There are two products that are good to start with in this field -- Jenkins which is free and open source and TeamCity which is free for your scale but not open source. Both will get you where you need to go, which one to pick is really a tactical decision based on what you are building stuff in and how much effort you might want to put into configuring the thing -- not that a basic setup with either product is horribly involved if you've ever stood up a and configured a web application.

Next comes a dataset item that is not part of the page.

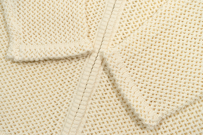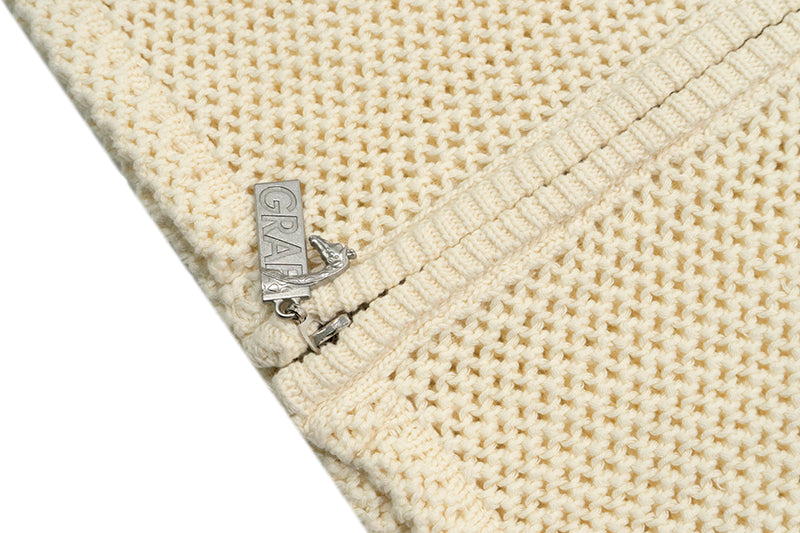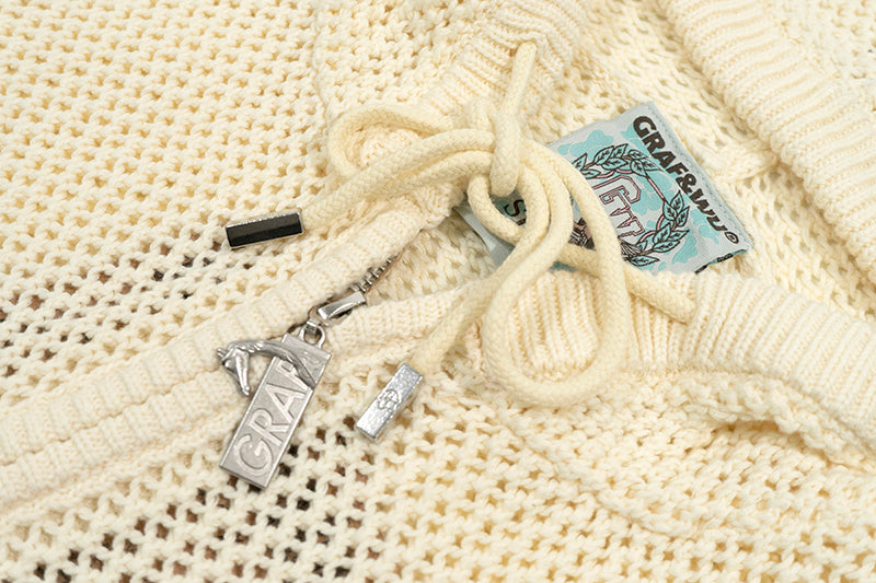 GRAF&WU Trust In GRAF Floral Embroidered Openwork Loose Hooded Zip-up Knit Sweater
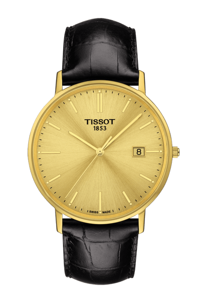 Tissot Goldrun 18K miesten rannekello Tissot Goldrun on yksi tunnetuimmista perinteisistä kultakelloista. Se on ajaton ja klassinen ja viimeistelty pieniä yksityiskohtia myöden. Tissot Goldrun kellot sopivat hyvin myös yrityslahjoiksi! Mallinumero: T922.410.16.021.0018 karaatin keltakultaRannekkeen materiaali: musta nahkaSafiirilasiKellotaulun paksuus: 4,9 mmKellotaulun leveys: 38 mmKellon paino: 39 gVesitiiviys: 30 metriä (3 bar, roiskesuojattu)PäivyriKvartsikoneisto

They are anatomically similar so the rest of this answer will apply to both.

These products both have a central server which is what you interact with as well as a concept of build agents or workers where the builds take place. This seems a bit odd until you realize that you could be building a cross-platform product that needs a native windows, osx and linux build.

In terms of where to install it that is really a tactical decision -- they both are very flexible java products that will run on just about anything. It really boils down to avaliability of hardware / software / licensing and security -- some folks really want to keep everything on the LAN. As for the build agent that is also a tactical decision. There is no reason the agent can't be on the same box as your CI server but you could certainly drop it somewhere different if need be. Having it on the same LAN helps unless you want to do some network configuration as they do need to communicate and typically that requires some firewall hole punching.

I probably would not install this on a machine someone was actively using just to guard against someone turning the machine off. Or hosing the machine and breaking your CI process. But mechanically an old desktop will do -- we just retired a ~2005 era HP desktop that was the main build server for every one of our dozen plus QA sites that got built pretty frequently. It's main issue was that we could only put 2gb of RAM in the box so we could not cache a lot of things in ram and it would page out to a slow disk made by the lowest vendor operating well beyond it's expected service life.

tldr: get Jenkins or TeamCity, install on a spare desktop, conquor the world.